The data:
____

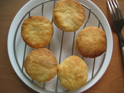 1.麵粉過篩,置於大盆 2.奶油切成小塊,跟麵粉拌勻 (好難描述,就是小塊的各自跟麵粉搓成小團,但不是讓奶油融掉不見) 3.慢慢加入優酪乳,拌勻成麵糰狀 4.壓平或桿片,用玻璃杯充當模子,壓出一個又一個圓 5.靜置5分鐘左右,進烤箱!! (真的是非常懶散的樣子,完全沒有細節的作法XD) 1. 有人說不能讓奶油融化,不然成品會沒有層次的口感,所以奶油要冰硬再用 2. 不想沾手,所以用刀子把奶油切成碎丁後,逐次逐次放進麵粉裡, 並搖晃盆子讓他們都裹上一層麵粉,才不會又粘在一起,白費了我切半天…… 3. 也是因為不想沾手,所以不用手捏,而是用飯匙一邊壓一邊輕拌 到最後就變成碎碎的一顆顆黃色的小粉糰,覺得應該好了,就加了優酪乳 (想做的人還是多多參考網路上的各家心得吧,自己也覺得我的太不可靠了) 4. 這次的優酪乳不小心加太多了點,後來還補了一些中粉進去 不一下子就拌成了麵糰,又可以拿出來不沾手的狀態 5. 麵糰不小心壓太平了(好傷心) 烤出來的比斯吉就好像哈比人一樣,長不高 如果要很漂亮的長高的話,應該要大約一公分以上的厚度吧…我猜 6. 成品很香喔,不過略有一點點的油,下次油放少一點吧(有人放豬油耶) 因為要再抹醬,所以糖放很少,這樣單吃其實剛好,可以配略甜的茶或咖啡 7. 烤的時間大概啊… 我把小烤箱轉了足足一輛 然後去洗了碗預熱(大約2分鐘) 才把東西放進去 因為壓很薄,所以約10分鐘後顏色就蠻漂亮的,遮層鋁箔再烤幾分鐘即取出 8. 上一次看別人的網誌說比斯吉不用加酵母,但是手邊沒有那份食譜要的小蘇打 只好看另外有加酵母的那種食譜來做,不知道做起來會差在哪? 不過,雖然有加了酵母,但可能是份量不多、時間不多、沒揉到 所以其實好像沒有什麼影響(?) 9. 吃了一個,剩下的做明天早餐,也順便看看放隔夜會不會變很難吃…… :P
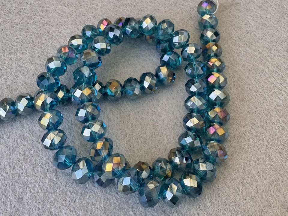 Хрустальные бусины, гранёные. Размер : 10*8 мм, отверстие : 1,5мм. Форма: рондель,сфера (эллипсоид). В нитке: 70+-2шт. Цена за 1 нитку.
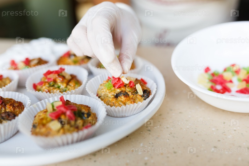 Молодая женщина надевает цукаты торты
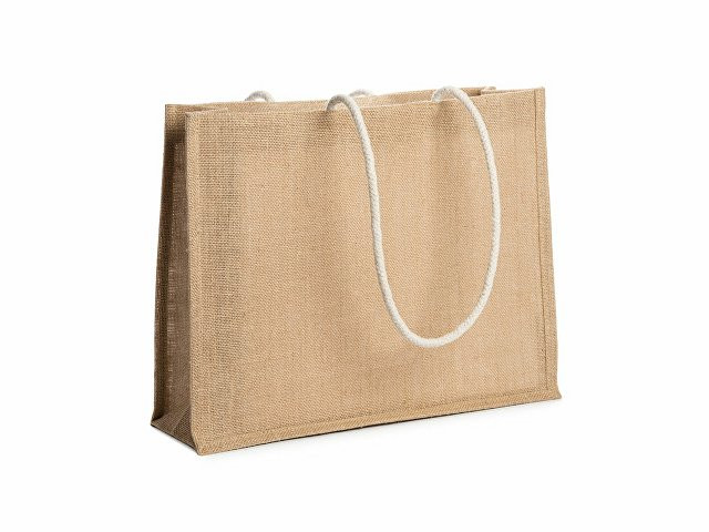 Прямоугольная пляжная сумка из джута с хлопковыми ручками длиной 70 см (диаметр 9-10 мм).

____

Assignment: Output the listing exactly, pictures excluded.

Problem solution:
 1.麵粉過篩,置於大盆 2.奶油切成小塊,跟麵粉拌勻 (好難描述,就是小塊的各自跟麵粉搓成小團,但不是讓奶油融掉不見) 3.慢慢加入優酪乳,拌勻成麵糰狀 4.壓平或桿片,用玻璃杯充當模子,壓出一個又一個圓 5.靜置5分鐘左右,進烤箱!! (真的是非常懶散的樣子,完全沒有細節的作法XD) 1. 有人說不能讓奶油融化,不然成品會沒有層次的口感,所以奶油要冰硬再用 2. 不想沾手,所以用刀子把奶油切成碎丁後,逐次逐次放進麵粉裡, 並搖晃盆子讓他們都裹上一層麵粉,才不會又粘在一起,白費了我切半天…… 3. 也是因為不想沾手,所以不用手捏,而是用飯匙一邊壓一邊輕拌 到最後就變成碎碎的一顆顆黃色的小粉糰,覺得應該好了,就加了優酪乳 (想做的人還是多多參考網路上的各家心得吧,自己也覺得我的太不可靠了) 4. 這次的優酪乳不小心加太多了點,後來還補了一些中粉進去 不一下子就拌成了麵糰,又可以拿出來不沾手的狀態 5. 麵糰不小心壓太平了(好傷心) 烤出來的比斯吉就好像哈比人一樣,長不高 如果要很漂亮的長高的話,應該要大約一公分以上的厚度吧…我猜 6. 成品很香喔,不過略有一點點的油,下次油放少一點吧(有人放豬油耶) 因為要再抹醬,所以糖放很少,這樣單吃其實剛好,可以配略甜的茶或咖啡 7. 烤的時間大概啊… 我把小烤箱轉了足足一輛 然後去洗了碗預熱(大約2分鐘) 才把東西放進去 因為壓很薄,所以約10分鐘後顏色就蠻漂亮的,遮層鋁箔再烤幾分鐘即取出 8. 上一次看別人的網誌說比斯吉不用加酵母,但是手邊沒有那份食譜要的小蘇打 只好看另外有加酵母的那種食譜來做,不知道做起來會差在哪? 不過,雖然有加了酵母,但可能是份量不多、時間不多、沒揉到 所以其實好像沒有什麼影響(?) 9. 吃了一個,剩下的做明天早餐,也順便看看放隔夜會不會變很難吃…… :P
 Хрустальные бусины, гранёные. Размер : 10*8 мм, отверстие : 1,5мм. Форма: рондель,сфера (эллипсоид). В нитке: 70+-2шт. Цена за 1 нитку.
 Молодая женщина надевает цукаты торты
 Прямоугольная пляжная сумка из джута с хлопковыми ручками длиной 70 см (диаметр 9-10 мм).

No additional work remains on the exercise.